### Task instructions
Exactly the lines below, starting with the one containing "Či už dávate" and going on through the one containing "COACH Accessory Pouch", must be reproduced, both ends included, and no pictures with them.
(Supplied material begins)
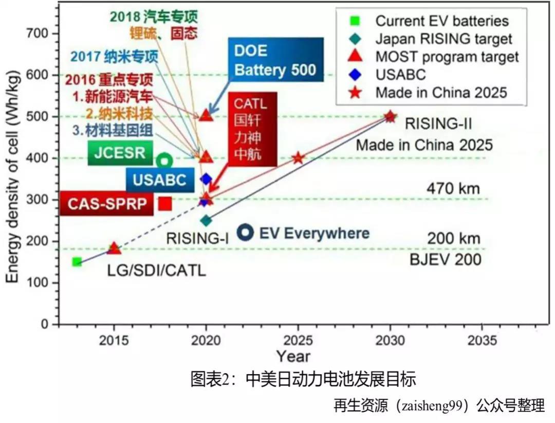 通常鋰電池在3C產(chǎn)品應(yīng)用較成熟,近年在新能源汽車和儲能領(lǐng)域存在爆發(fā)式的增長需求,目前我國儲能電池市場規(guī)模還沒完全釋放,而新能源汽車動力電池市場已成為各國爭相競技的賽場。從圖2看出,美國制定的長期目標(biāo)為開發(fā)能量密度>200Wh/kg的PHEV-100+和EV用二次電池,日本新能源產(chǎn)業(yè)技術(shù)綜合開發(fā)機(jī)構(gòu)(NEDO)計劃至2020年達(dá)到250Wh/kg,2030年達(dá)到500-700Wh/kg,中國規(guī)劃至2020年,新型鋰離子動力電池單體比能量超過300Wh/kg,系統(tǒng)比能量力爭達(dá)到260Wh/kg,至2025年,單體比能量達(dá)500Wh/kg。
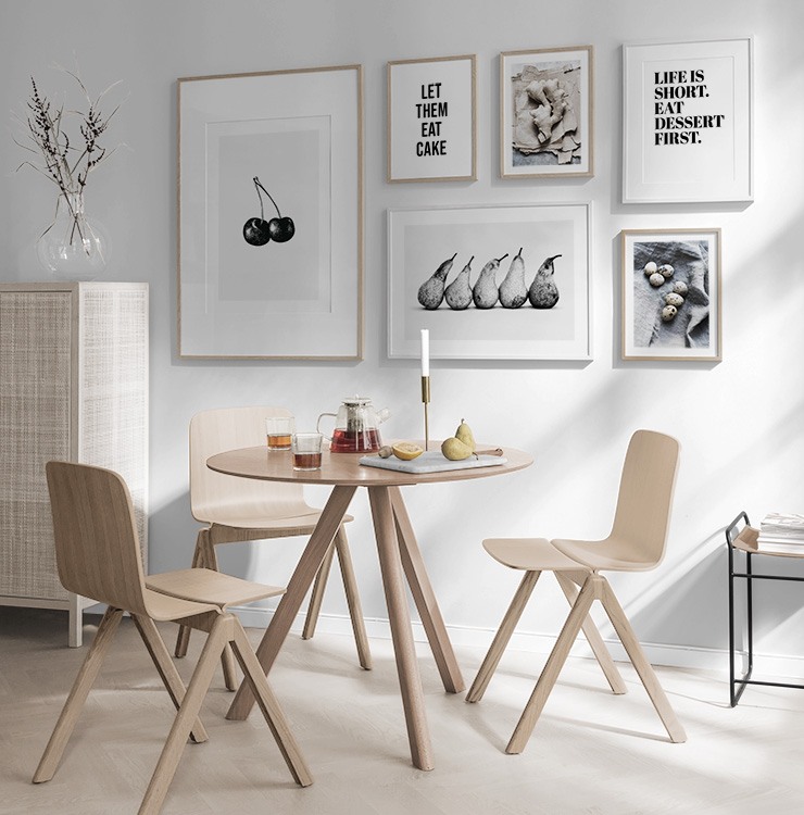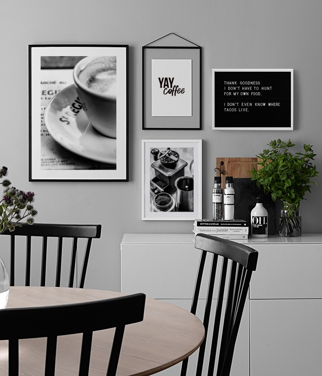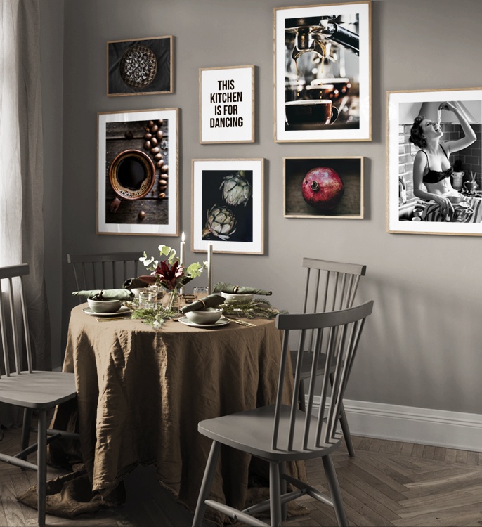 Či už dávate prednosť zariadeniu kuchyne vo vidieckom štýle, čistému vzhľadu alebo rustikálnejšej atmosfére, garantujeme, že máme plagát s kuchynským motívom práve vás a pre vašu kuchyňu. V kuchyni sa nám páčia dekorácie v jemnejších, tlmenejších farbách, ktoré prinesú hrejivý pocit a vytvoria zabývanú atmosféru. Skutočne osobný a živý dojem vytvoríte použitím byliniek, ovocia, dosiek na krájanie a receptárov, ktoré ladia s vašou zostavou obrazov. Nájdite tu inšpiráciu pre kuchynskú stenu!
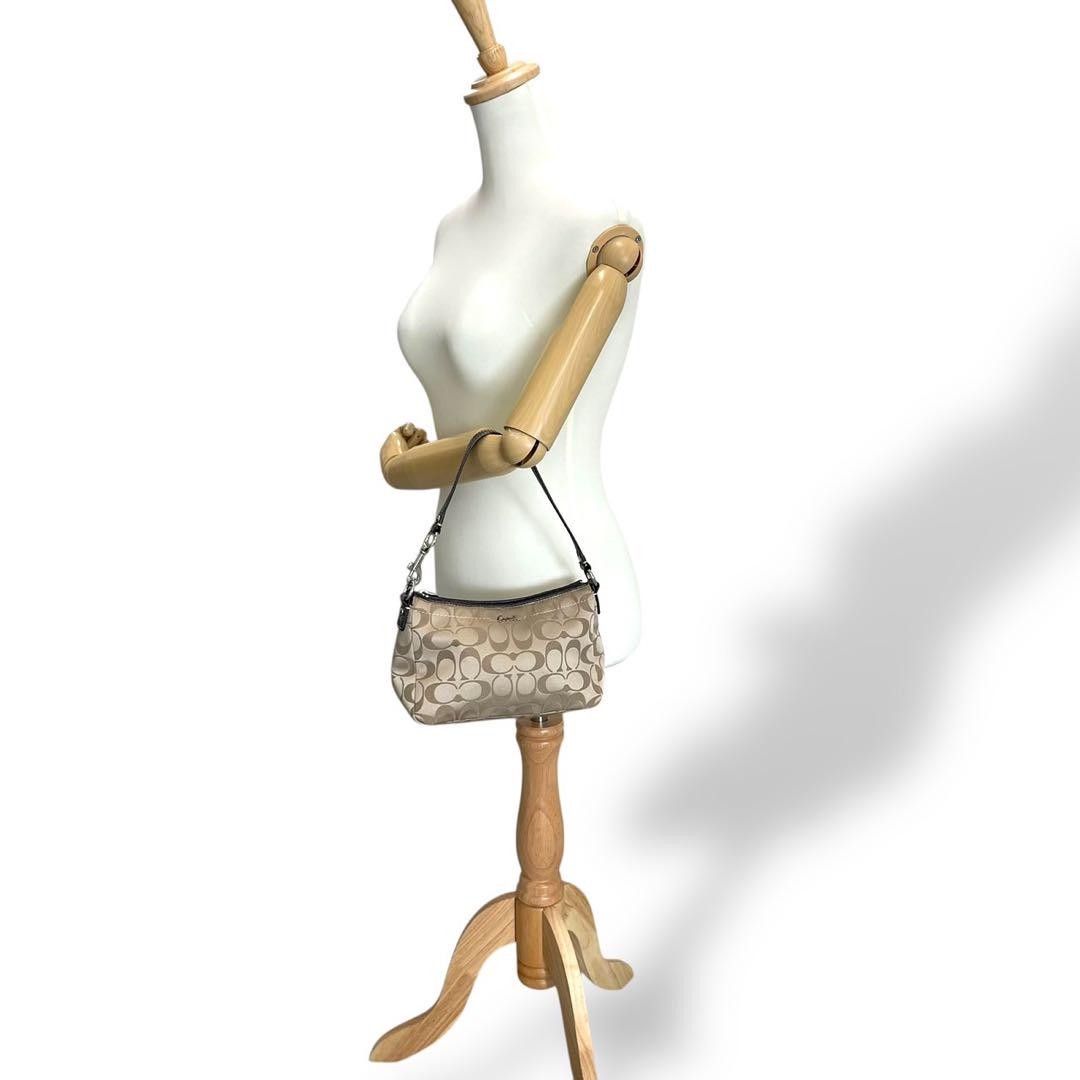 COACH Accessory Pouch Hand Bag Tote Purse Signature Nylon Leather Gold Authentic
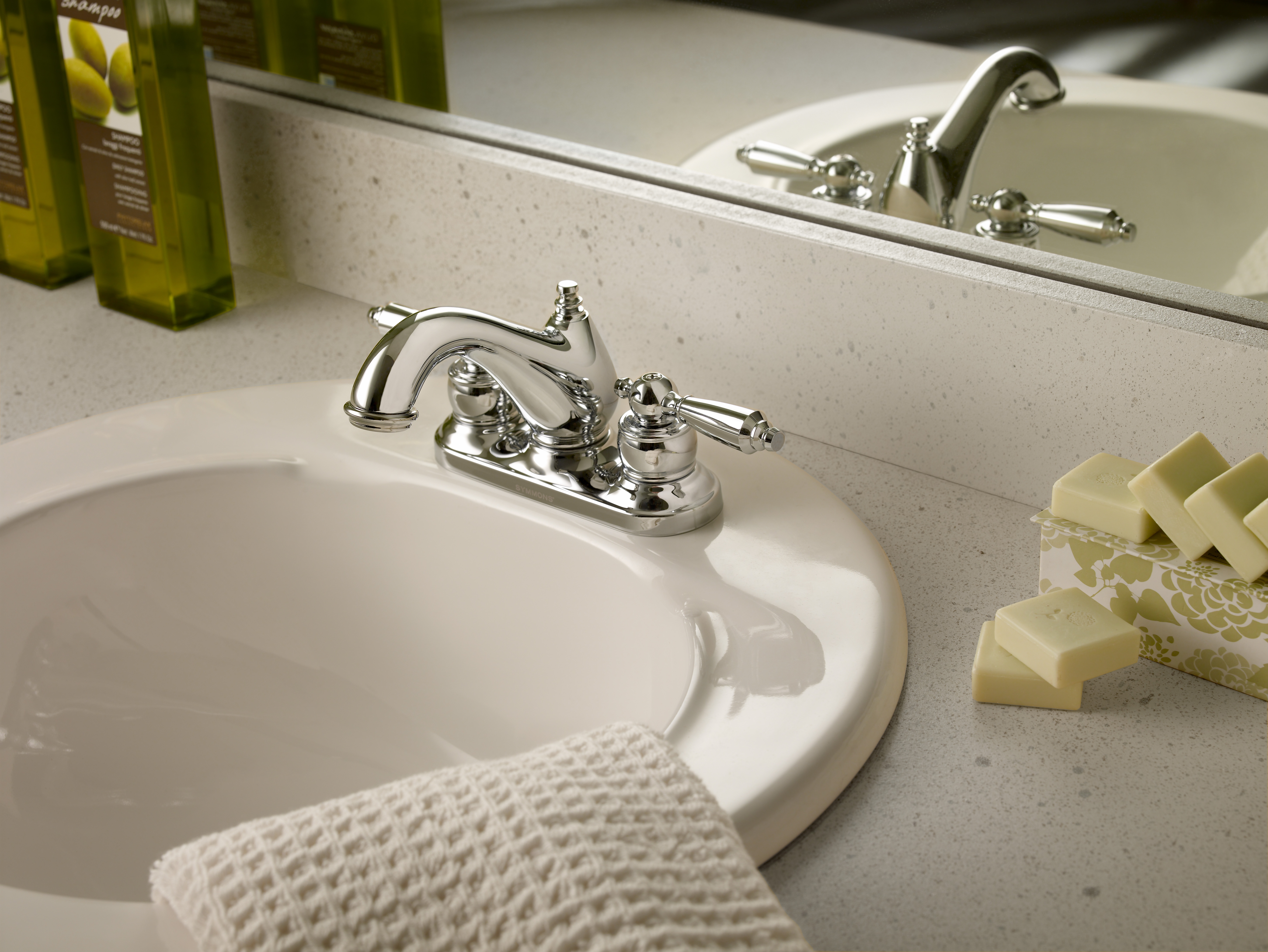 Traditional yet transitional, the Symmons Allura Collection blends classic detailing with modern accents and finishes. The solid construction and style give a distinct presence in any traditional bathroom.
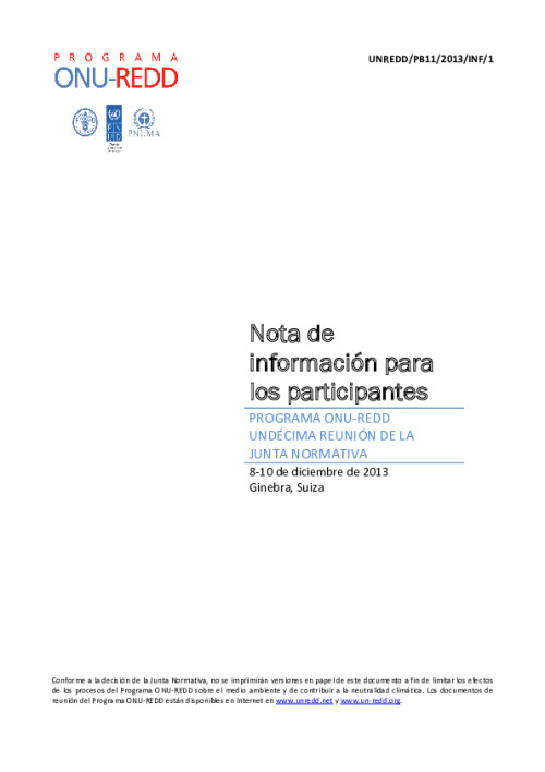 Home Document Library PB11 Information-Logistics Note (SP) PB11 Information-Logistics Note (SP) Thu, 14 Nov, 2013 Download the resource Format: application/pdf Size: (0.395 MB) download Filed under: Category Empty Related publications View all Foundation documents 23 May, 2025UN-REDD Programme Developer 23/05/2025 - Document Download English 21 May, 2025UN-REDD Programme Draft UN-REDD 2026-2030 Strategy Download English 21 May, 2025UN-REDD Programme Draft Monitoring and Evaluation Framework UN-REDD 2026-30 Download English
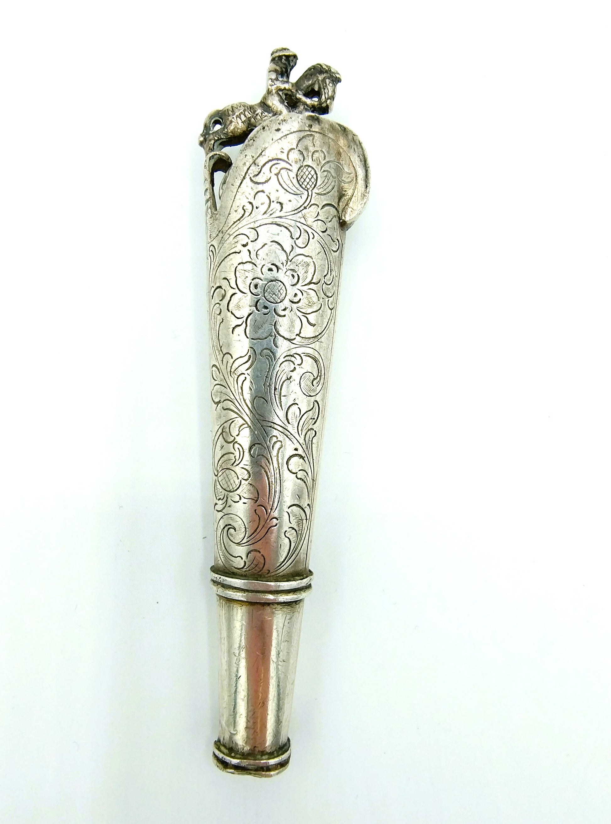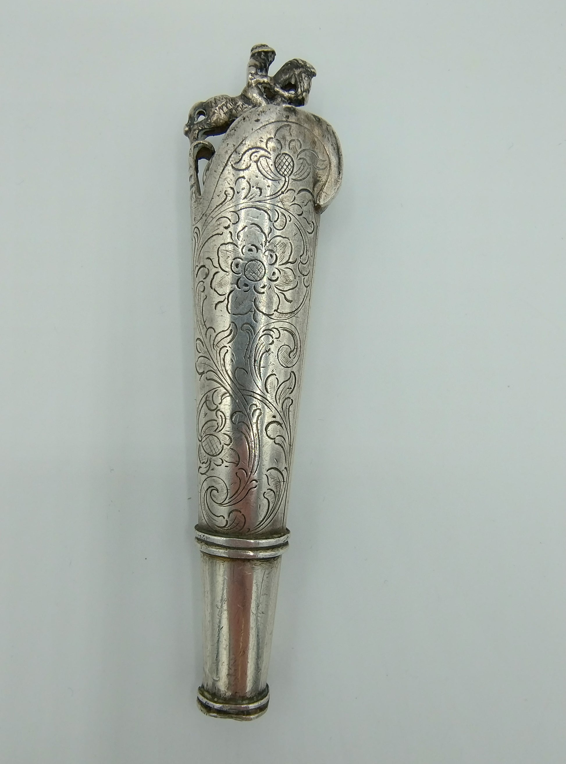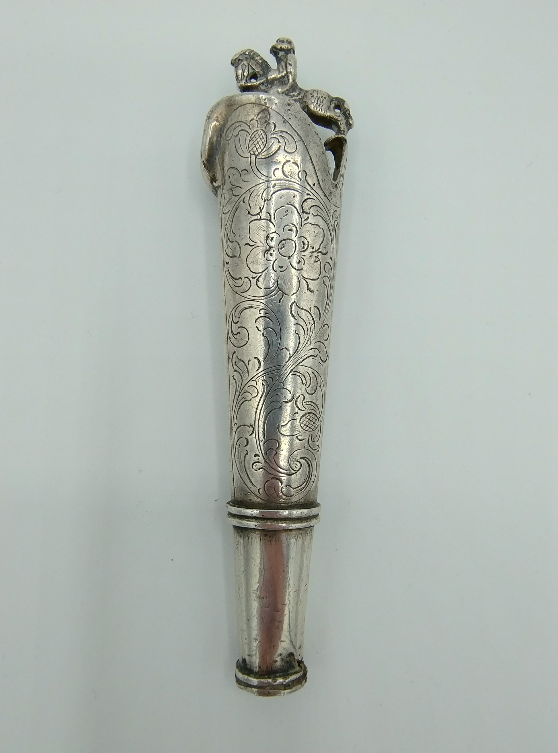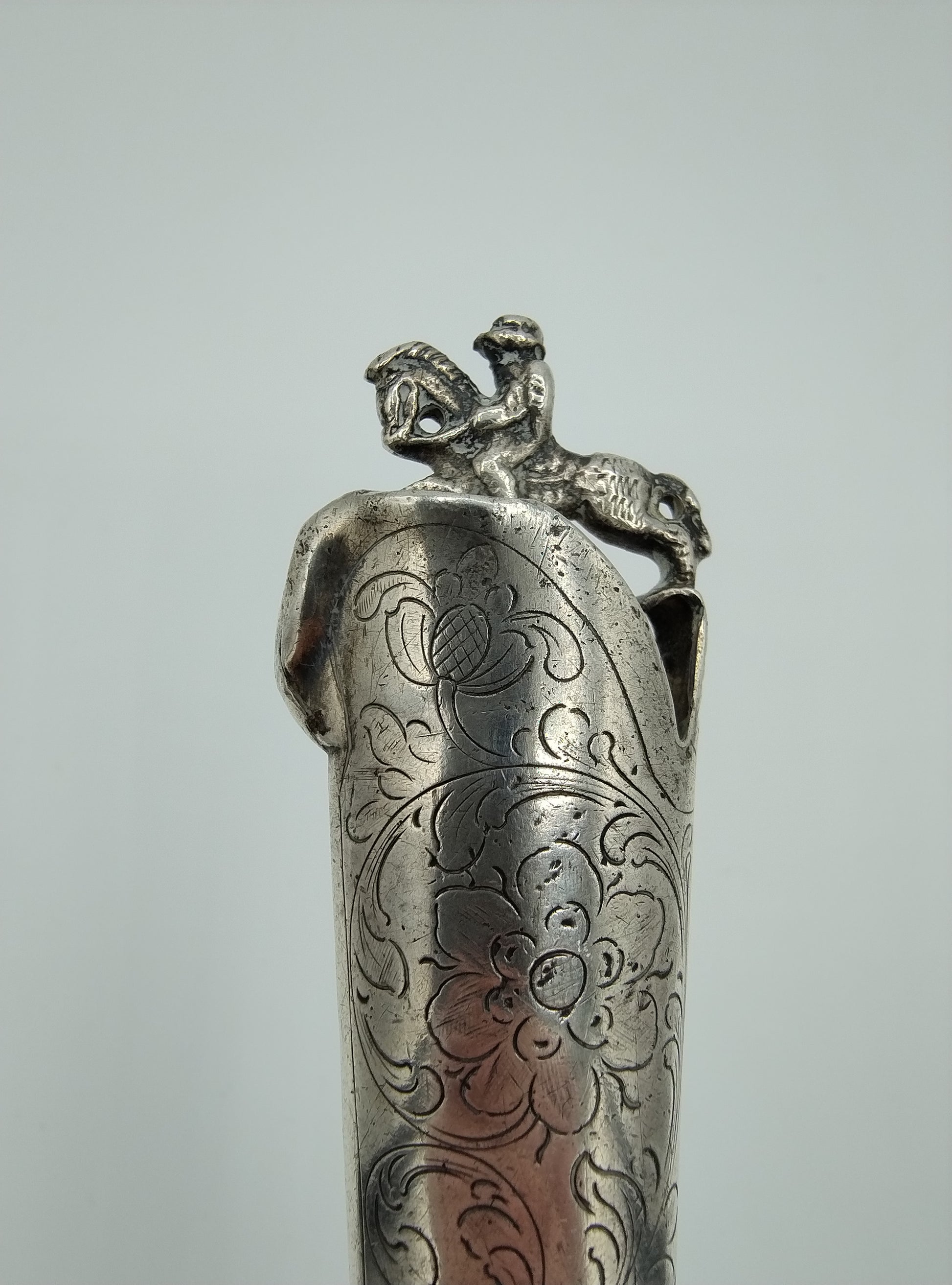 Silberner Messergriff aus dem 18. Jahrhundert mit Blumendekor. Der Messergriff ist mit einem Reiter zu Pferd bekrönt.
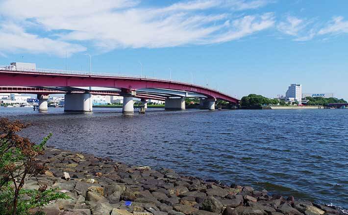 勝島橋のたもとから続くしおじ磯はスロープなどが新設されさらに釣りやすくなっている。対岸は大井競馬場で駅からのアクセスは良好。
(Supplied material ends)
### Answer for the task
 Či už dávate prednosť zariadeniu kuchyne vo vidieckom štýle, čistému vzhľadu alebo rustikálnejšej atmosfére, garantujeme, že máme plagát s kuchynským motívom práve vás a pre vašu kuchyňu. V kuchyni sa nám páčia dekorácie v jemnejších, tlmenejších farbách, ktoré prinesú hrejivý pocit a vytvoria zabývanú atmosféru. Skutočne osobný a živý dojem vytvoríte použitím byliniek, ovocia, dosiek na krájanie a receptárov, ktoré ladia s vašou zostavou obrazov. Nájdite tu inšpiráciu pre kuchynskú stenu!
 COACH Accessory Pouch Hand Bag Tote Purse Signature Nylon Leather Gold Authentic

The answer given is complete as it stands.